Give the data again exactly as it appears, excluding any pictures.

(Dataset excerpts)
════════

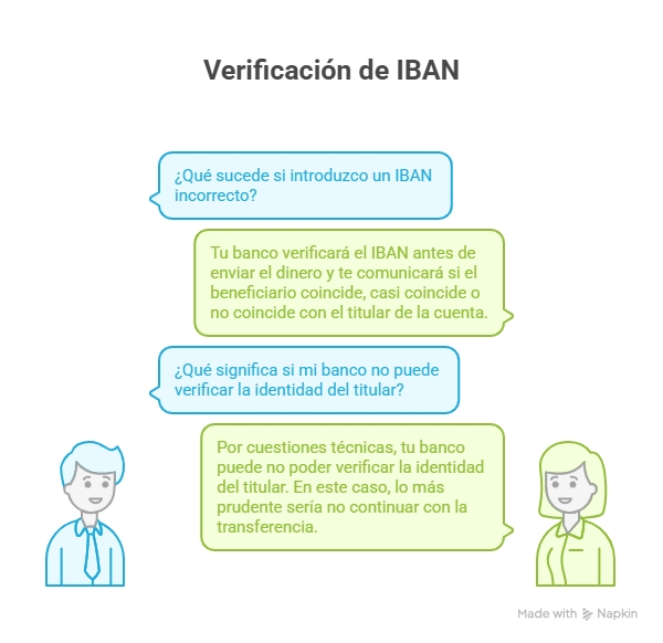 Este servicio de verificación consiste en que, una vez que has introducido el código IBAN y antes de que se envíe el dinero, tu entidad te comunicará –incluso en los casos en los que la cuenta de destino tenga varios cotitulares– si el beneficiario de la transferencia que has indicado resulta coincidente, casi coincidente o no coincidente con el titular de la cuenta, con diversas leyendas explicativas como, por ejemplo, “el nombre que has introducido no coincide con el titular de la cuenta”. También puede ocurrir que tu banco te indique que, por cuestiones técnicas, no se pudo verificar la identidad del titular, en cuyo caso, lo más prudente sería que no siguieses adelante con la transferencia.
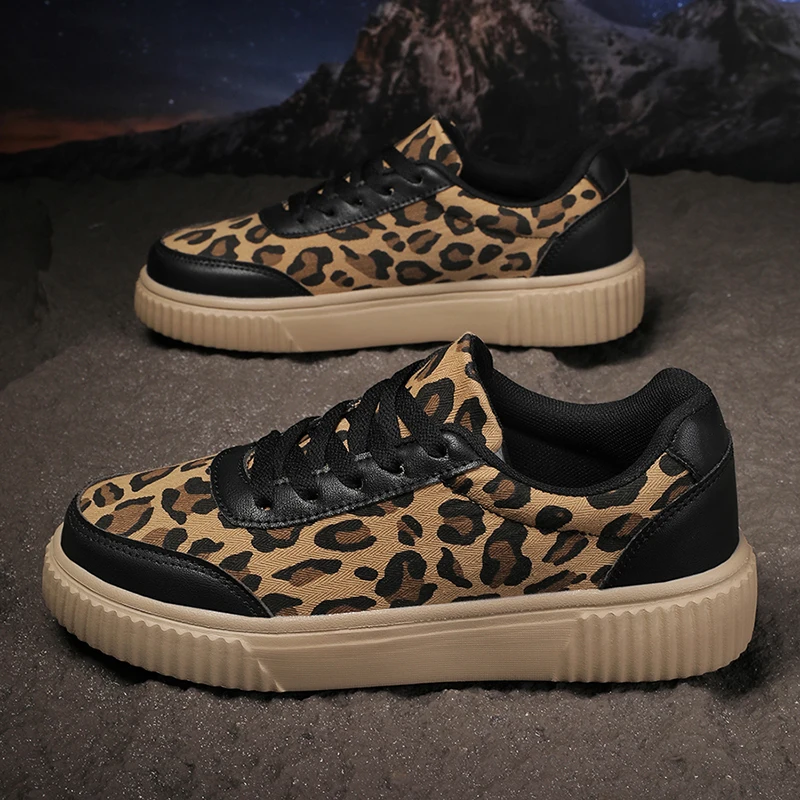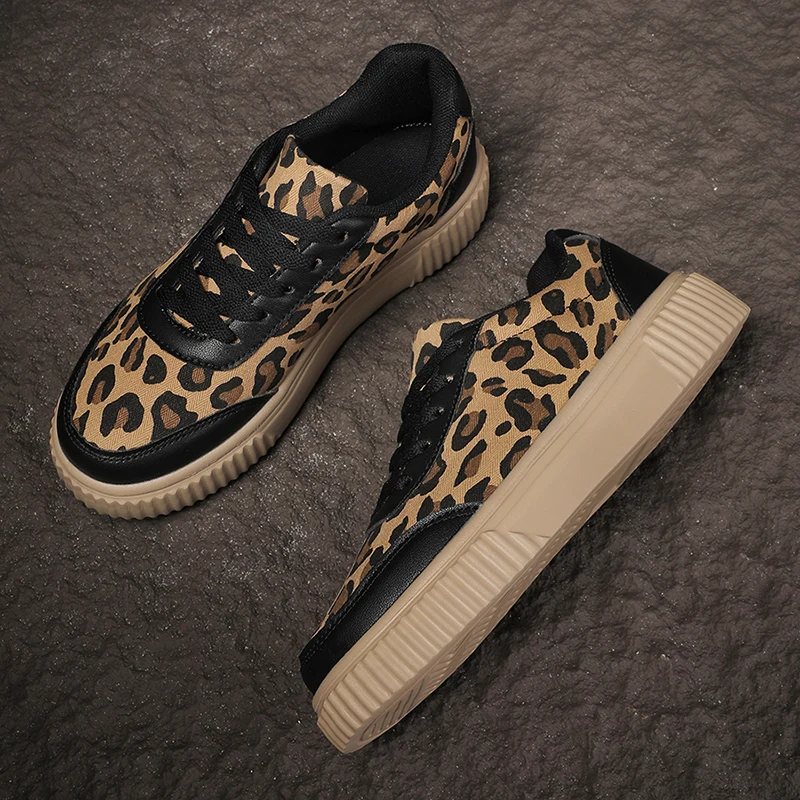 Leopard Print Platform Women’s Sneakers Lace-Up Thick Bottom Vulcanize Shoes Woman Canvas Breathable
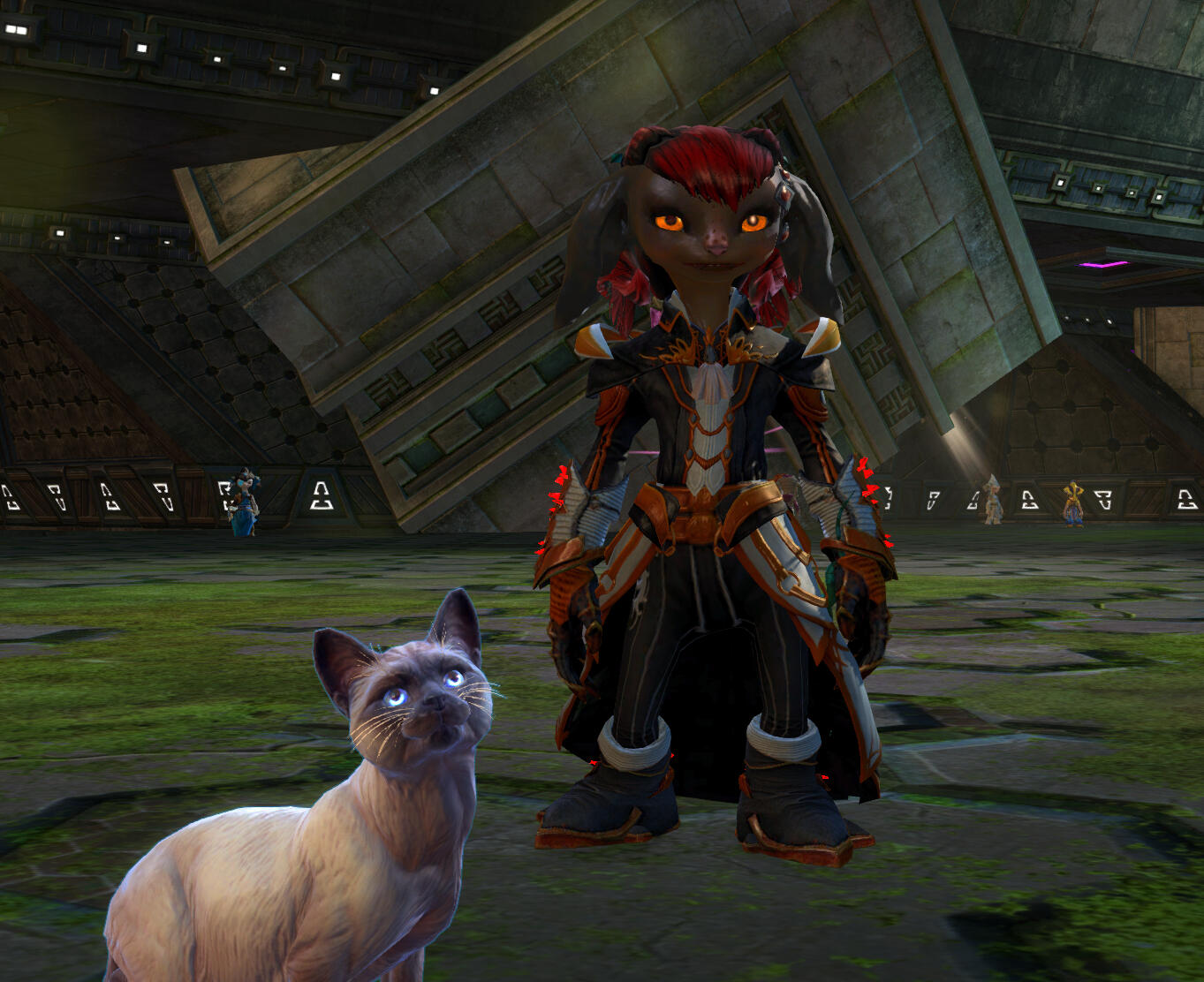 It began when our heroes received visions through dreams and nightmares, someone or something calling out to their aid far south in the lands of Cantha. They decided to journey there by airship and set sail from Seitung Province to the nearby isles they saw in these visions. They found that it has become a place for trade and within the marketplace, they spotted the Spirit of Fox.Our curious heroes followed the Spirit which led them to an old shrine. After many attempts to communicate with the silent Spirit, it fled following the arrival of a new face. A Shaman of Fox known as Melandra who is said to have been chasing the Spirit in hopes to help protect it from an evil she called 'The Hunger'. Upon hearing this, a darkness overtook all of their minds causing them to suddenly fall unconscious.Later they awoke, aided by Melandra who has informed them they have been marked by this Demon, unsure as to how or why. But right now they had to help Fox by repairing their shrine, a piece being a jade tablet that was shattered in two. The Guardholme thought these were what the visions warned them of and decided to aid this Shaman and Fox.
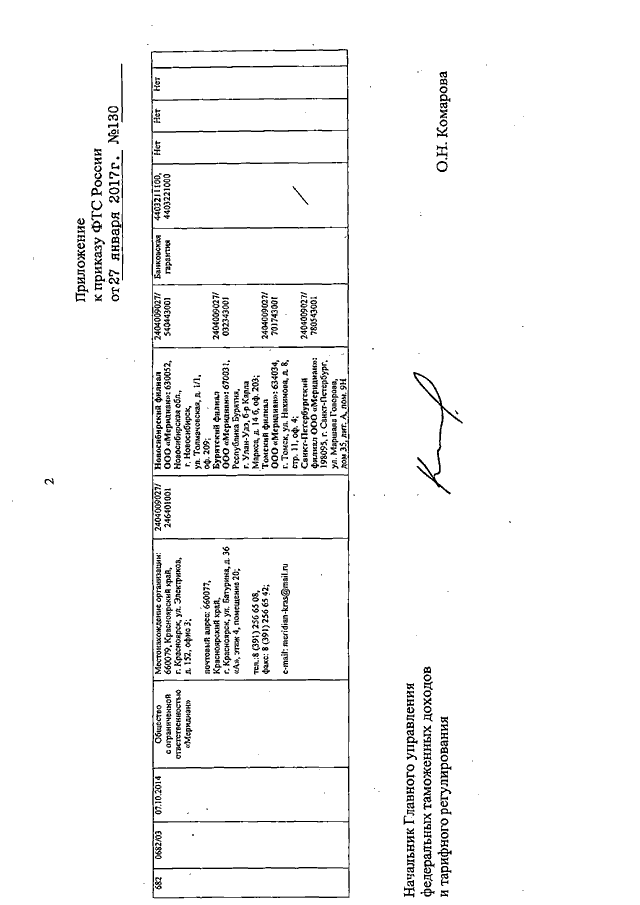 "О ВНЕСЕНИИ ИЗМЕНЕНИЙ В РЕЕСТР ТАМОЖЕННЫХ ПРЕДСТАВИТЕЛЕЙ В ОТНОШЕНИИ ОБЩЕСТВА С ОГРАНИЧЕННОЙ ОТВЕТСТВЕННОСТЬЮ "МЕРИДИАН"
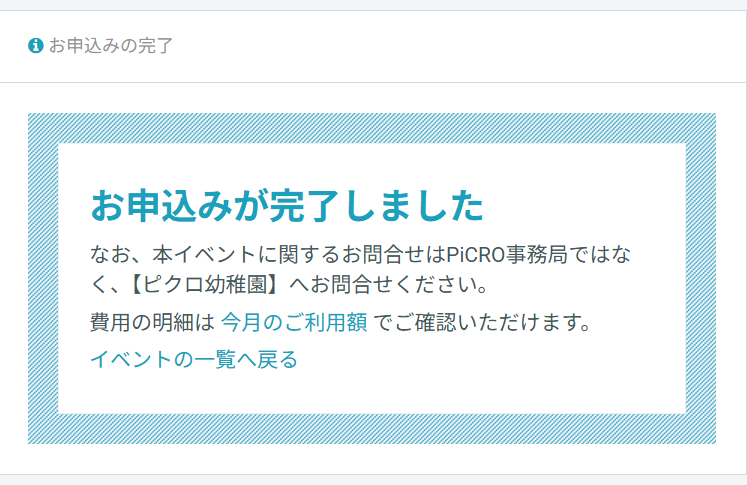 申込み完了となり、ご利用明細やスケジュールに情報が反映されます。
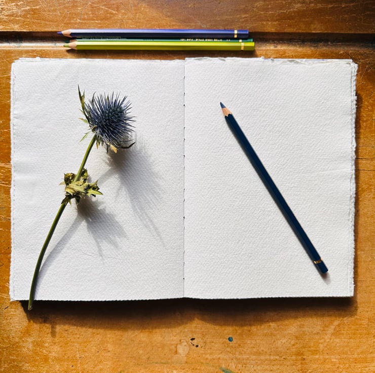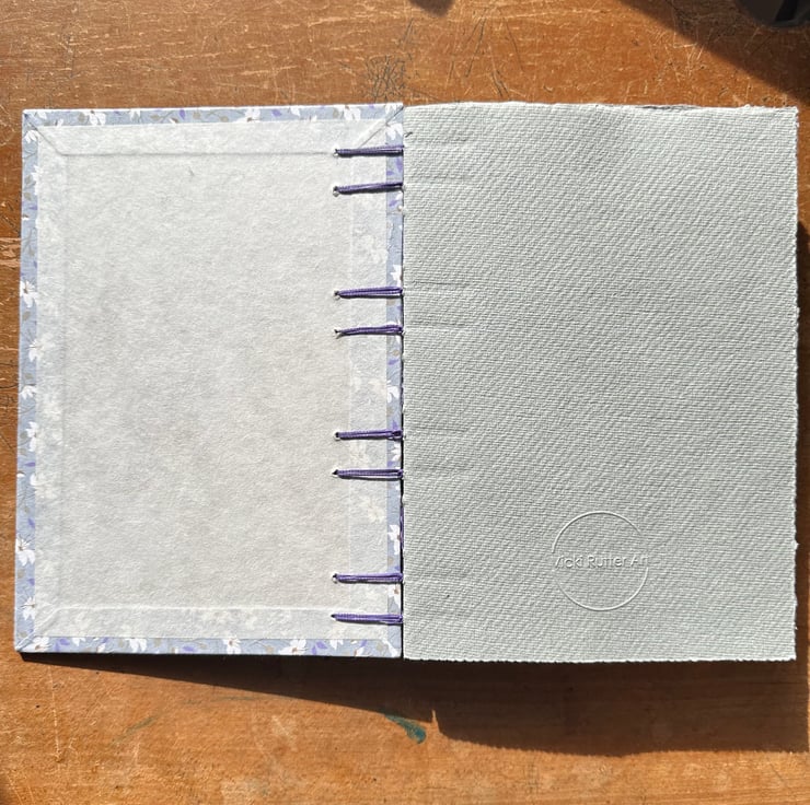 This is a lovely 48 page A5 sketchbook. It has been bound using Coptic stitching which is both beautiful and strong. It allows the pages to lay flat when the book is open, perfect for sketching and writing.
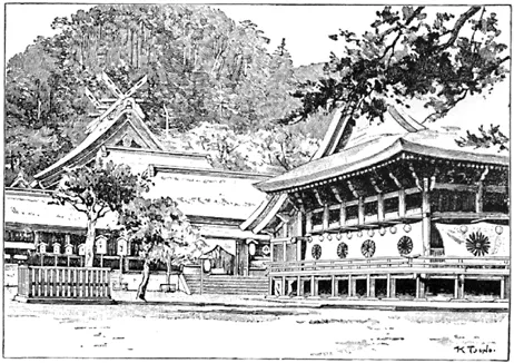 ACCORDING to the legend, the Japanese islands were created by the god Izanagi-no-Mikoto and his wife Izanami-no-Mikoto. Their daughter, Amaterasu-Omikami,1 the sun goddess, was charitable, virtuous and clever; she taught men to cultivate the earth, to obtain silk and weave it in the loom. Her brother, Susa-noo-no-Mikoto, in contrast to her, was cruel and fierce. Therefore he was banished from Heaven to Izumo, a province on the island of Honto.2 He built a house there, and married a beautiful girl who bore him a son named Okuninushi-no-Mikoto. He was kind, clever and brave; he defeated all the frontier tribes and encouraged agriculture. When Amaterasu-Omikami sent an ambassador to demand the whole of his kingdom, he obeyed, and at once delivered up the land. He withdrew to the village of Kizuki in the province of Izumo and dwelt there till the end of his days, There is a large temple, Izumo-no-
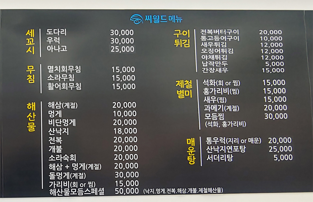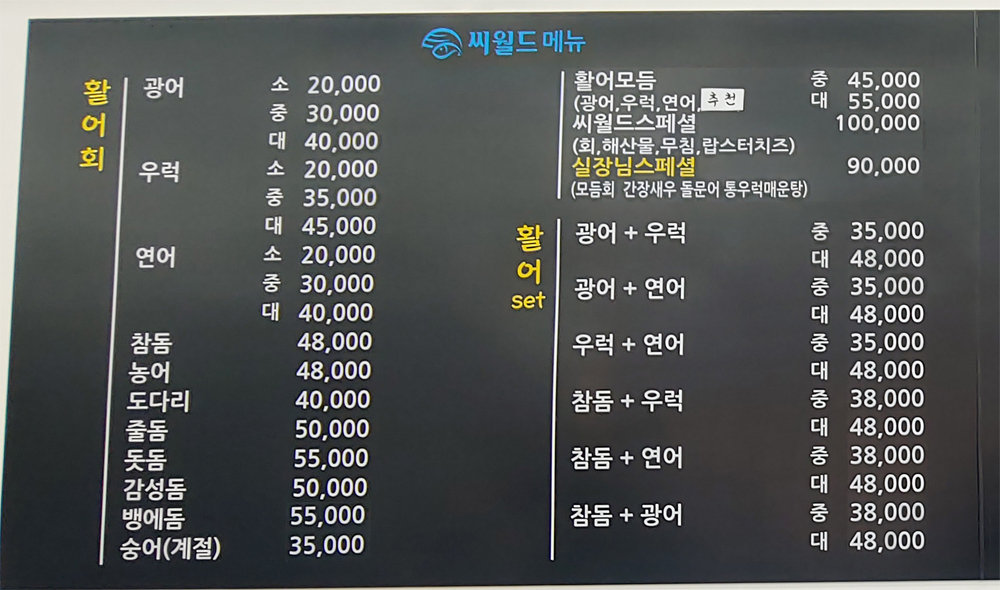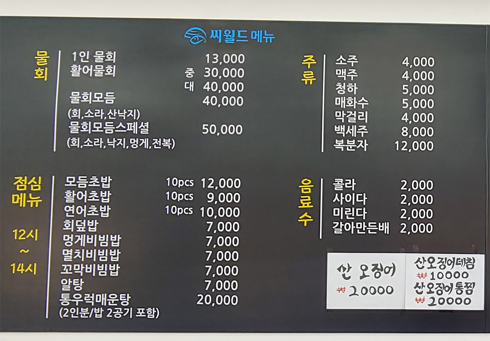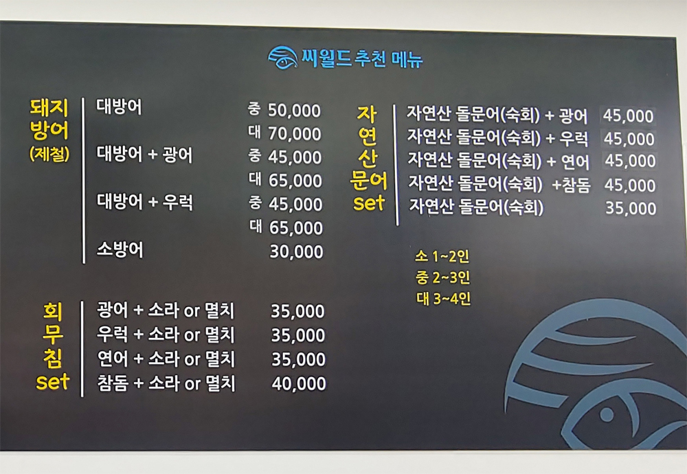 다양한 횟감과 해산물이 준비되어 있어 누구라도 원하는 메뉴를 즐길 수가 있습니다.
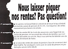 L’Union syndicale suisse (USS) – qui s’était jusqu’ici bornée à dénoncer le fiasco des recettes du libéralisme dans ce problème des rentes – s’est dit prête à entrer en pourparlers sur l’éventuelle introduction d’un taux de rémunération flexible des fonds de pension.
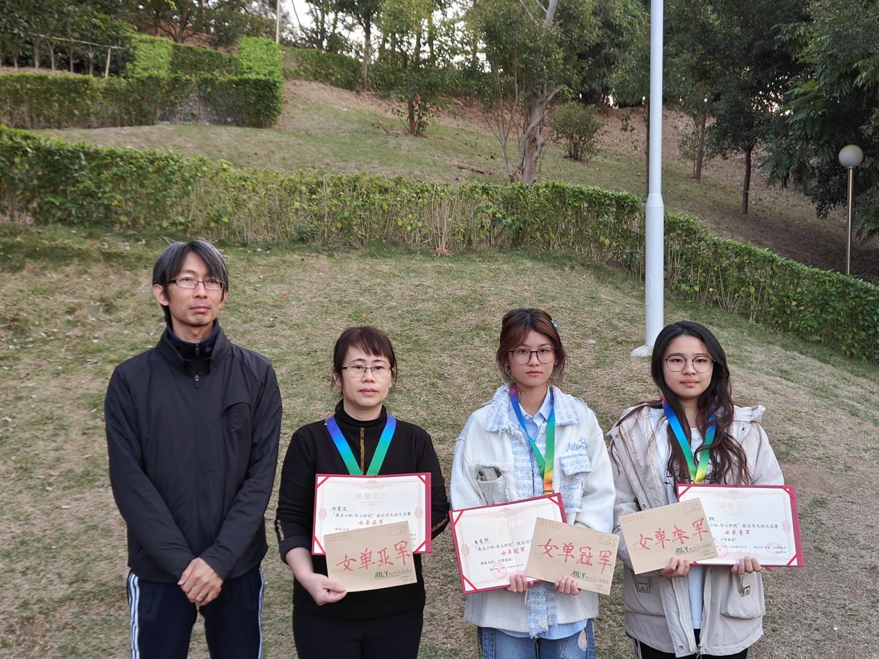 经过一下午的角逐,学生朱芳燕、学生石辉俊、学生马佳雄及朱君链(混合)分别斩获女单冠军、男单冠军、混合冠军;企业方祝碧花、学生钟羽宸、企业方洪梅及莫韶健(混合)分别获得女单亚军、男单亚军、混合亚军;学生许欣桐、学生吴德钧、教师陈彦均及学生吴绮静(混合)分别拿下女单季军、男单季军、混合季军。三浦宏晃、张剑锋、陈耀辉分别为获奖选手颁奖。

════════

SOLUTION.
 Este servicio de verificación consiste en que, una vez que has introducido el código IBAN y antes de que se envíe el dinero, tu entidad te comunicará –incluso en los casos en los que la cuenta de destino tenga varios cotitulares– si el beneficiario de la transferencia que has indicado resulta coincidente, casi coincidente o no coincidente con el titular de la cuenta, con diversas leyendas explicativas como, por ejemplo, “el nombre que has introducido no coincide con el titular de la cuenta”. También puede ocurrir que tu banco te indique que, por cuestiones técnicas, no se pudo verificar la identidad del titular, en cuyo caso, lo más prudente sería que no siguieses adelante con la transferencia.
 Leopard Print Platform Women’s Sneakers Lace-Up Thick Bottom Vulcanize Shoes Woman Canvas Breathable
 It began when our heroes received visions through dreams and nightmares, someone or something calling out to their aid far south in the lands of Cantha. They decided to journey there by airship and set sail from Seitung Province to the nearby isles they saw in these visions. They found that it has become a place for trade and within the marketplace, they spotted the Spirit of Fox.Our curious heroes followed the Spirit which led them to an old shrine. After many attempts to communicate with the silent Spirit, it fled following the arrival of a new face. A Shaman of Fox known as Melandra who is said to have been chasing the Spirit in hopes to help protect it from an evil she called 'The Hunger'. Upon hearing this, a darkness overtook all of their minds causing them to suddenly fall unconscious.Later they awoke, aided by Melandra who has informed them they have been marked by this Demon, unsure as to how or why. But right now they had to help Fox by repairing their shrine, a piece being a jade tablet that was shattered in two. The Guardholme thought these were what the visions warned them of and decided to aid this Shaman and Fox.
 "О ВНЕСЕНИИ ИЗМЕНЕНИЙ В РЕЕСТР ТАМОЖЕННЫХ ПРЕДСТАВИТЕЛЕЙ В ОТНОШЕНИИ ОБЩЕСТВА С ОГРАНИЧЕННОЙ ОТВЕТСТВЕННОСТЬЮ "МЕРИДИАН"
 申込み完了となり、ご利用明細やスケジュールに情報が反映されます。
 This is a lovely 48 page A5 sketchbook. It has been bound using Coptic stitching which is both beautiful and strong. It allows the pages to lay flat when the book is open, perfect for sketching and writing.
 ACCORDING to the legend, the Japanese islands were created by the god Izanagi-no-Mikoto and his wife Izanami-no-Mikoto. Their daughter, Amaterasu-Omikami,1 the sun goddess, was charitable, virtuous and clever; she taught men to cultivate the earth, to obtain silk and weave it in the loom. Her brother, Susa-noo-no-Mikoto, in contrast to her, was cruel and fierce. Therefore he was banished from Heaven to Izumo, a province on the island of Honto.2 He built a house there, and married a beautiful girl who bore him a son named Okuninushi-no-Mikoto. He was kind, clever and brave; he defeated all the frontier tribes and encouraged agriculture. When Amaterasu-Omikami sent an ambassador to demand the whole of his kingdom, he obeyed, and at once delivered up the land. He withdrew to the village of Kizuki in the province of Izumo and dwelt there till the end of his days, There is a large temple, Izumo-no-
 다양한 횟감과 해산물이 준비되어 있어 누구라도 원하는 메뉴를 즐길 수가 있습니다.
 L’Union syndicale suisse (USS) – qui s’était jusqu’ici bornée à dénoncer le fiasco des recettes du libéralisme dans ce problème des rentes – s’est dit prête à entrer en pourparlers sur l’éventuelle introduction d’un taux de rémunération flexible des fonds de pension.
 经过一下午的角逐,学生朱芳燕、学生石辉俊、学生马佳雄及朱君链(混合)分别斩获女单冠军、男单冠军、混合冠军;企业方祝碧花、学生钟羽宸、企业方洪梅及莫韶健(混合)分别获得女单亚军、男单亚军、混合亚军;学生许欣桐、学生吴德钧、教师陈彦均及学生吴绮静(混合)分别拿下女单季军、男单季军、混合季军。三浦宏晃、张剑锋、陈耀辉分别为获奖选手颁奖。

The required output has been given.